■ Exercise description:
Find the line with "미국 기준금리 움직임에" in the data below. Repeat it and every line after it exactly, but not the pictures.

■ Dataset excerpt:
'''

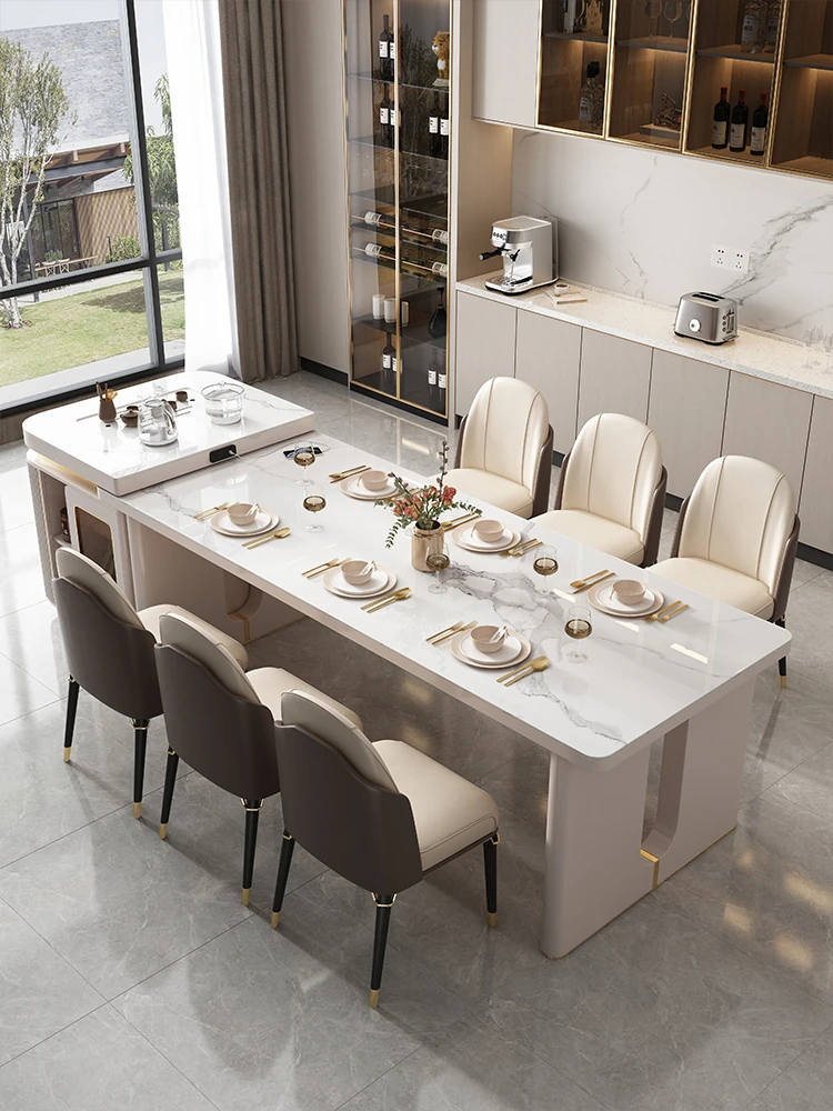 2024年新作!伸縮式岩板ダイニングテーブル - 小型住宅に最適な軽奢多機能デザイン、IHクッキングヒーター付きバー台でおしゃれな食卓を演出!
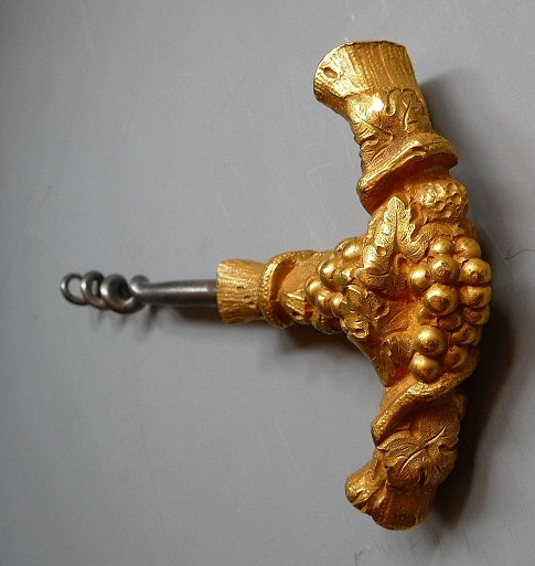 Met druiven en druivenranken gedecoreerd handvat. Zeldzaam. Mooie kwaliteit bronswerk. "Le tire-bouchon est un instrument de bon sens, qui retire l'obstacle au plaisir" - Anonyme - Per stuk.
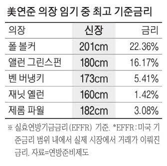 미국 기준금리 움직임에 따라 전세계 금융시장이 요동치고 있는 상황에서 역대 연방준비제도(Fed·연준) 의장의 신장(키)에 따라 기준금리가 들썩였던 사실이 새삼 재조명되고 있다. 이는 키 160cm로 단신인 재닛 옐런 미국 재무장관이 연준 의장으로 재임하던 시절부터 항간에 돌기 시작했다. 1980년대 이후 미국의 기준금리는 장기적 하향추세를 보였는데, 마침 연준 의장들의 신장도 줄어들었기 때문이다.
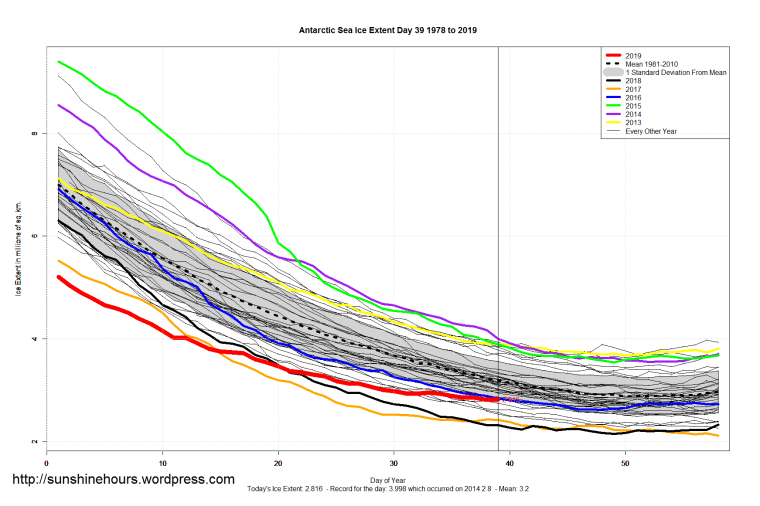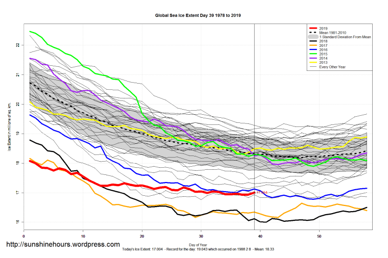 Sea Ice Extent (Global Antarctic and Arctic) – Day 39 – 2019 Published on February 9, 2019February 9, 2019 by sunshinehours1 South / North Share this: Click to share on X (Opens in new window) X Click to share on Facebook (Opens in new window) Facebook Like Loading... Related

'''

■ Output of the exercise:
 미국 기준금리 움직임에 따라 전세계 금융시장이 요동치고 있는 상황에서 역대 연방준비제도(Fed·연준) 의장의 신장(키)에 따라 기준금리가 들썩였던 사실이 새삼 재조명되고 있다. 이는 키 160cm로 단신인 재닛 옐런 미국 재무장관이 연준 의장으로 재임하던 시절부터 항간에 돌기 시작했다. 1980년대 이후 미국의 기준금리는 장기적 하향추세를 보였는데, 마침 연준 의장들의 신장도 줄어들었기 때문이다.
 Sea Ice Extent (Global Antarctic and Arctic) – Day 39 – 2019 Published on February 9, 2019February 9, 2019 by sunshinehours1 South / North Share this: Click to share on X (Opens in new window) X Click to share on Facebook (Opens in new window) Facebook Like Loading... Related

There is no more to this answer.